* [PROBLEM TO WORK ON] In the entries below, find the line with "本インソール(中敷き)は足の" and the line with "Blush, an earthy". Print those two and everything between them exactly, and nothing else.

*** ENTRIES SHOWN ***

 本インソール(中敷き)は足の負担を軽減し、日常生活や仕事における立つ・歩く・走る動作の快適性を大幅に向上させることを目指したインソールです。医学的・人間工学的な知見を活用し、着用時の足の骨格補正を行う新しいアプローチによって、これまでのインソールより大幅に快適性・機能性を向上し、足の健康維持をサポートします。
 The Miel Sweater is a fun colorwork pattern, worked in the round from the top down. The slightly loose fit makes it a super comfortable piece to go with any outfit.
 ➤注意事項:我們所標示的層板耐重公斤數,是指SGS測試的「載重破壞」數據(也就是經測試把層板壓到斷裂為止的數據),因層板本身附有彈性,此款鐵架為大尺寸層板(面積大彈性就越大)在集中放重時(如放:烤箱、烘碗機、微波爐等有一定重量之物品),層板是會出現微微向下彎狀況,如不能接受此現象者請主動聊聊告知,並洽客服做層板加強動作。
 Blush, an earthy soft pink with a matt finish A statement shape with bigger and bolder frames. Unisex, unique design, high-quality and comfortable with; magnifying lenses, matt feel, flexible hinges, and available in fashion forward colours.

*** End of ENTRIES SHOWN ***
*** ENTRIES SHOWN ***

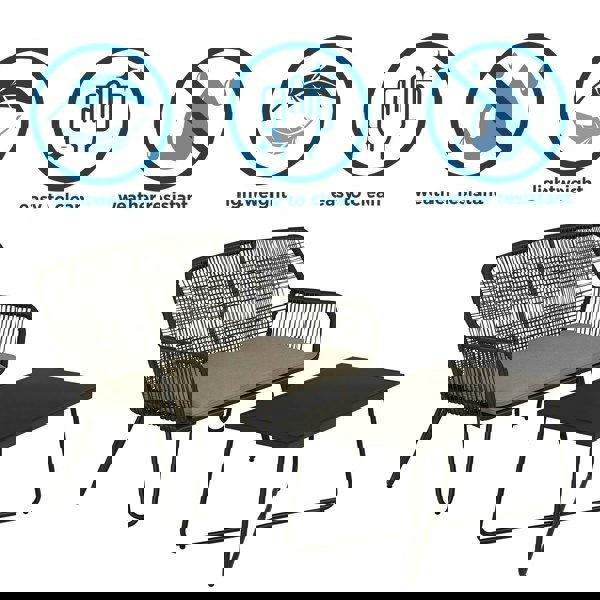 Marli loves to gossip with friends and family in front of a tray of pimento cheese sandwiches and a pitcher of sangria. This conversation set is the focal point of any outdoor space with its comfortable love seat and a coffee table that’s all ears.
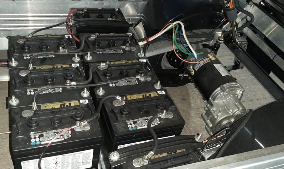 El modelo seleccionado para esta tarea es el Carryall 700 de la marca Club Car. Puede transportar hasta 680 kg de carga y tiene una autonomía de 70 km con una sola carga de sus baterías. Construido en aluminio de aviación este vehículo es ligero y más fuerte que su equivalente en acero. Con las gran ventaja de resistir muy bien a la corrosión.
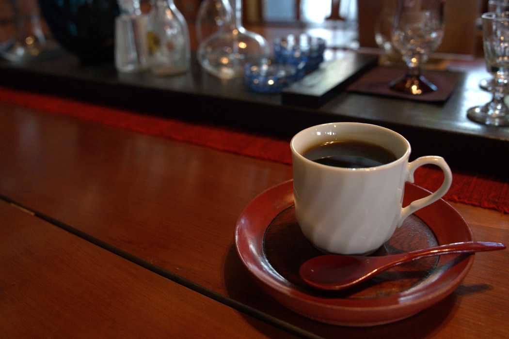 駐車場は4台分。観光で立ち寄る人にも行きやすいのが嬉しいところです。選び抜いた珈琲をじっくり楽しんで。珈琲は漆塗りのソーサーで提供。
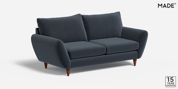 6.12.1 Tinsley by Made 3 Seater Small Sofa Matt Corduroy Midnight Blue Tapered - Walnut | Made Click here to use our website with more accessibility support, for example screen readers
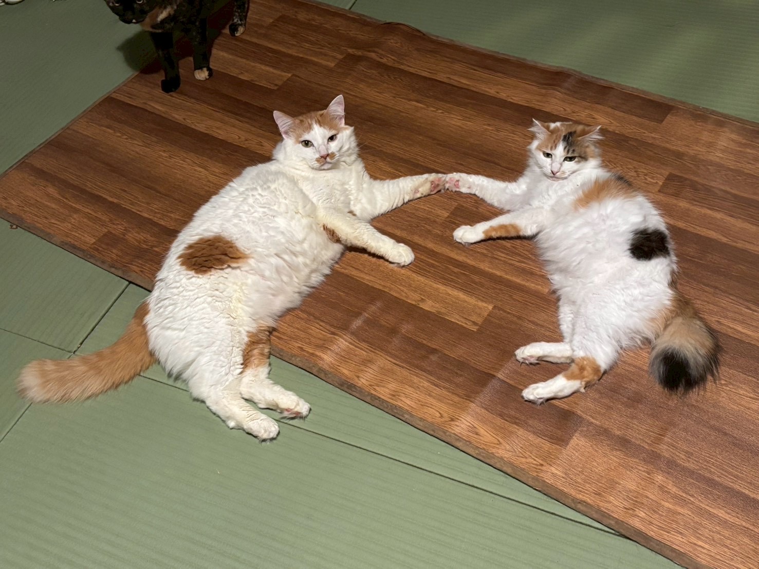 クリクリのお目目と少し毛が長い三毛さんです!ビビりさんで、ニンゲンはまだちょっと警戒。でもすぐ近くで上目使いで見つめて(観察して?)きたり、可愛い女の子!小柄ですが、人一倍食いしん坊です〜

*** End of ENTRIES SHOWN ***
*** ENTRIES SHOWN ***

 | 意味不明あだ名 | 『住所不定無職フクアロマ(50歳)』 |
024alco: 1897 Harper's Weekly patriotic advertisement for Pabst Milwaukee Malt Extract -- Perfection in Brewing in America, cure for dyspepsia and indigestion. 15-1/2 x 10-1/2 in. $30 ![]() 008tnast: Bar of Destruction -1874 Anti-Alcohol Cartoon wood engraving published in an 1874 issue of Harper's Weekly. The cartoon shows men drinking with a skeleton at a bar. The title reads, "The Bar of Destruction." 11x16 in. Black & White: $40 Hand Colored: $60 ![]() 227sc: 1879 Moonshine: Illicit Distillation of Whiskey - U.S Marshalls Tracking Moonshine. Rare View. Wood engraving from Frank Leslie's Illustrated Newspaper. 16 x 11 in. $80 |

*** End of ENTRIES SHOWN ***

* [ANSWER TO THE PROBLEM]
 本インソール(中敷き)は足の負担を軽減し、日常生活や仕事における立つ・歩く・走る動作の快適性を大幅に向上させることを目指したインソールです。医学的・人間工学的な知見を活用し、着用時の足の骨格補正を行う新しいアプローチによって、これまでのインソールより大幅に快適性・機能性を向上し、足の健康維持をサポートします。
 The Miel Sweater is a fun colorwork pattern, worked in the round from the top down. The slightly loose fit makes it a super comfortable piece to go with any outfit.
 ➤注意事項:我們所標示的層板耐重公斤數,是指SGS測試的「載重破壞」數據(也就是經測試把層板壓到斷裂為止的數據),因層板本身附有彈性,此款鐵架為大尺寸層板(面積大彈性就越大)在集中放重時(如放:烤箱、烘碗機、微波爐等有一定重量之物品),層板是會出現微微向下彎狀況,如不能接受此現象者請主動聊聊告知,並洽客服做層板加強動作。
 Blush, an earthy soft pink with a matt finish A statement shape with bigger and bolder frames. Unisex, unique design, high-quality and comfortable with; magnifying lenses, matt feel, flexible hinges, and available in fashion forward colours.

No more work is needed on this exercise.